═════ Stored data ═════

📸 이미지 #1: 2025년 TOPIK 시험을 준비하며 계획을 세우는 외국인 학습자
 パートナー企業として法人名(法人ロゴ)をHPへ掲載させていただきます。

═════
═════ Stored data ═════

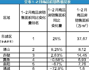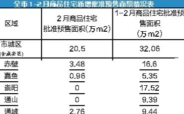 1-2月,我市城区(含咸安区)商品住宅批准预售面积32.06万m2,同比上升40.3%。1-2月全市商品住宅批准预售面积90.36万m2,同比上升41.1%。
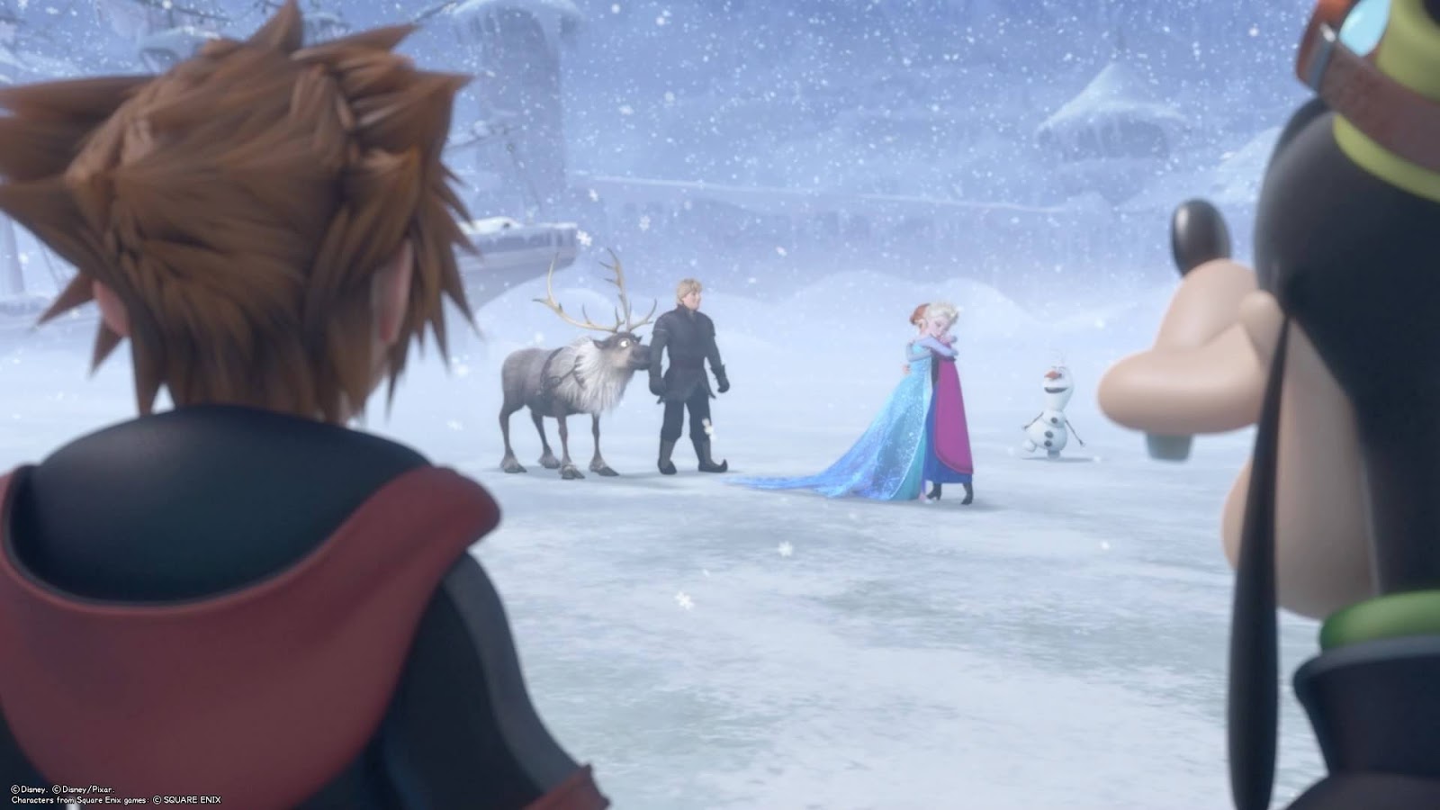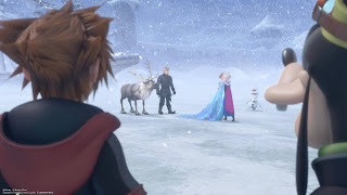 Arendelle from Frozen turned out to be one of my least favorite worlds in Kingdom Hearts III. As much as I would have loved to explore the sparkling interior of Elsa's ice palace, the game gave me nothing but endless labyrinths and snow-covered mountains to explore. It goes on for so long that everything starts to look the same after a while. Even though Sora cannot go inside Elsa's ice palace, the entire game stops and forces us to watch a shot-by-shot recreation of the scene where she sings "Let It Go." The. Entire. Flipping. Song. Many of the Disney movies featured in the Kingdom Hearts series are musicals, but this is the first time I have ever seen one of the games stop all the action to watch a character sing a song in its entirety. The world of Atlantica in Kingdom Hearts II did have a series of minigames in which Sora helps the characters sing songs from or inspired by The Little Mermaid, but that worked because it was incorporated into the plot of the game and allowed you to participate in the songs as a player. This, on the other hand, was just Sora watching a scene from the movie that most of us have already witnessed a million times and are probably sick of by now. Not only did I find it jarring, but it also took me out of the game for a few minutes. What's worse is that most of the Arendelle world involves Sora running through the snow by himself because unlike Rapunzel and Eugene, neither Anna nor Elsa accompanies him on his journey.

═════

#### Action item
Would you please write out, exactly and with no other lines, the stretch of the listing above from the line containing "세우는 외국인 학습자" through the line containing "パートナー企業として法人名(法人ロゴ)をHPへ掲載させていただきます。"?

#### Output
📸 이미지 #1: 2025년 TOPIK 시험을 준비하며 계획을 세우는 외국인 학습자
 パートナー企業として法人名(法人ロゴ)をHPへ掲載させていただきます。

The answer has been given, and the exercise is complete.